Task to carry out ▸ Quote the lines of the data below verbatim, beginning at the line that contains "继续做端口扫描,sudo nmap -sS" and ending at the last line, both included, and excluding pictures.

Source material ▸
'''
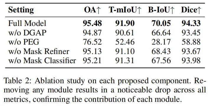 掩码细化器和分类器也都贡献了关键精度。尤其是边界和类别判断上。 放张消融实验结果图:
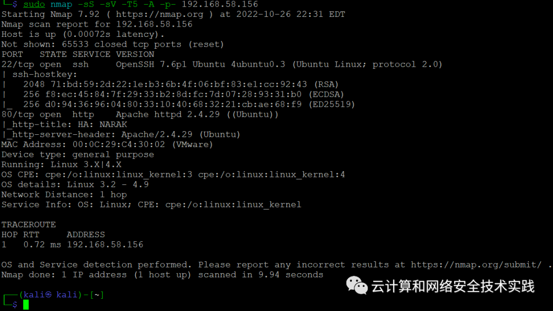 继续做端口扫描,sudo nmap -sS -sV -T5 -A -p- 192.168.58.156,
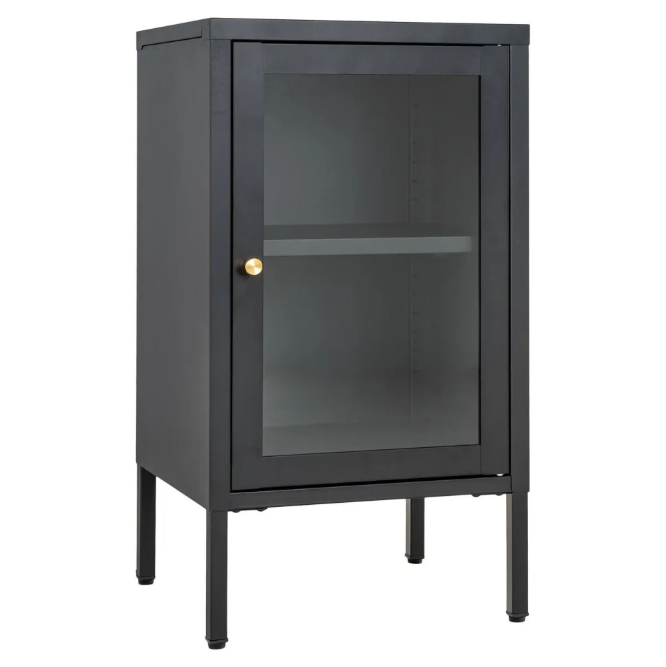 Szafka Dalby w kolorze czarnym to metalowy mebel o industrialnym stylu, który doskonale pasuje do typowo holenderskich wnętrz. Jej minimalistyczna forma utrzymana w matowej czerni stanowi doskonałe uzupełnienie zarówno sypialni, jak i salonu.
'''
Task response ▸
 继续做端口扫描,sudo nmap -sS -sV -T5 -A -p- 192.168.58.156,
 Szafka Dalby w kolorze czarnym to metalowy mebel o industrialnym stylu, który doskonale pasuje do typowo holenderskich wnętrz. Jej minimalistyczna forma utrzymana w matowej czerni stanowi doskonałe uzupełnienie zarówno sypialni, jak i salonu.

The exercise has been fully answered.